Goals of the practical session: In this exercise you will use BLAST (Basic Local Alignment Search Tool) to search for sequence similarity. First you will use an online server to search for similarities and then you will run the blast on your computer. Take a look at “HowTo_BLASTGuide.pdf” for how to use BLAST. Then you will learn to use different programs for multiple alignments: kalign, mafft,or muscle, and hmmalign. You will align two datasets (16S and EPHX1) with kalign, mafft or muscle, and you will learn how to use readseq to convert between different alignment formats. You will also run both perl and python script to manipulate your files.
Assessment of the practical session: Work alone or in pairs during this lab. As you progress, take notes of answers to the questions highlighted in red in the designated black boxes, or on a paper sheet. At the end of the lab, you should approach one of the teaching assistants present, and ask them to check your answers. They will discuss incorrect answers with you. Once the assistants have approved your answers, they will mark your attendance and the practical session is considered completed.
###Online-based BLAST exercise
Use the NCBI server for the online part: NCBI BLAST Search the protein database SwissProt for orf_x.fasta
Question 1 a) What is the name of the gene that is the top hit and what is its function?
You have sequenced a stretch of DNA orf_serratia.fasta from Serratia marcescens found in the gut of an insect. You identified an open reading frame and translated it in to a protein and now you want to see if this gene has any homologs in the SwissProt database.
Search SwissProt database with orf_serratia.fasta
Question 2
- What protein do you think it is and what is its function?
- There are some hits that give a much higher E-value than the top hits. To which group of bacteria do these entries belong?
- What is the taxonomic placement of Serratia? Make a guess and then check the Taxonomy browser for the real answer.
Suppose that you have sequenced the stretch of DNA in sequence.txt. Now you want to see if you have any coding regions in your sequence.
Search for open reading frames with Transeq (see Using_transeq), using the standard genetic code. When you search for proteins in a DNA sequence, it is often difficult to know where it starts. It should cover most of the nucleotide sequence when you have found the right frame.
Question 3
- What is the name of the protein?
- What is its function
###Running BLAST locally
The program for local blast searches is called blastall and includes all the different blast programs. You specify the blast program with the option -p. In the following section you will use the file prokaryotes_db which contains prokaryotic protein sequences in FASTA format.

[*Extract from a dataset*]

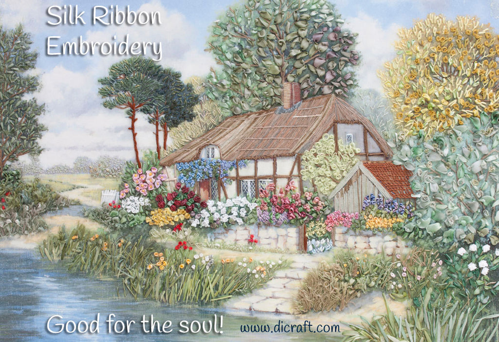 It is advisable to work from the top of the picture downwards, from left to right if you are right-handed and from right to left if you are left-handed. This way, the ribbon stitches are not damaged by hard working hands!

- Make a database of the file using formatdb
makeblastdb -in prokariotes_db -dbtype prot
- Blast the anthrax protein sequence anthrax.fasta against prokaryotes_db.txt. You need to specify at least the following options:
BLAST_TYPE db DB_NAME query QUERY_NAME out OUT_NAME
Where DB_NAME is the name of your database, QUERY_NAME the file that contains your query sequence, BLAST_TYPE the type of blast program you want to use (e.g. "blastp" or "blastn") and OUT_NAME how you want to name your output file. - Take a look at the blast result file:
less OUT_NAME
Question 4
- What's the name of the second hit in the blast result?
- What's the corresponding e-value?
- What are the start and end positions in the hit gene that matches query sequence?
Kalign, MAFFT and Muscle are three different fast alignment programs for protein and nucleotide sequences. Even if they differ in their algorithms they are all advancements on the same general algorithm as ClustalW. As a result they are very fast compared to other programs and can align 1500 sequences in under 10 seconds. MAFFT and Muscle are among the most commonly used alignment programs nowadays.
You can find a brief introduction, and further link, on how to use MAFFT here. For Muscle you can find a short introduction here, and the more extensive documentation here. You can also type the following for each program in the terminal to get basic help on how to use them:
`kalign
mafft --help
muscle`
Align the two datasets independently, EPHX1 (ephx1.fasta) and 16S (16S.fasta), using two of the alignment programs (Of course it is recommended to have a look at the input file so that you know what you are aligning!). If you are using MAFFT you will need to pipe the output to a new file, this
can be done with the command “>”.The full command should then look something like this:
mafft (infile) > (outfile)
Unfortunately, there is no standard alignment format that can be read by all programs. Therefore, a sequence-oriented bioinformatician needs some format-converting skills. Readseq is a useful program for converting between alignment formats. For information on how to use readseq type:
java jar ./SRC/readseq.jar --help
Use readseq to convert the files you aligned in the previous exercise (default output from kalign is in fasta format - caution! you need to redirect the output from the screen to a file) to the format nexus.
You can look at alignments with the program Jalview.
java jar ./SRC/jalview.jar
The software package SuiteMSA is also a good tool for more advanced alignment viewing, for example comparing two alignments. However, for ordinary alignment viewing and editing it is unnecessarily complex.
Question 5 Compare the two alignment programs for ephx1
- Can you see a difference in the output of the two programs? (Visualize the alignments)
- How come multiple sequence align programs can produce different results?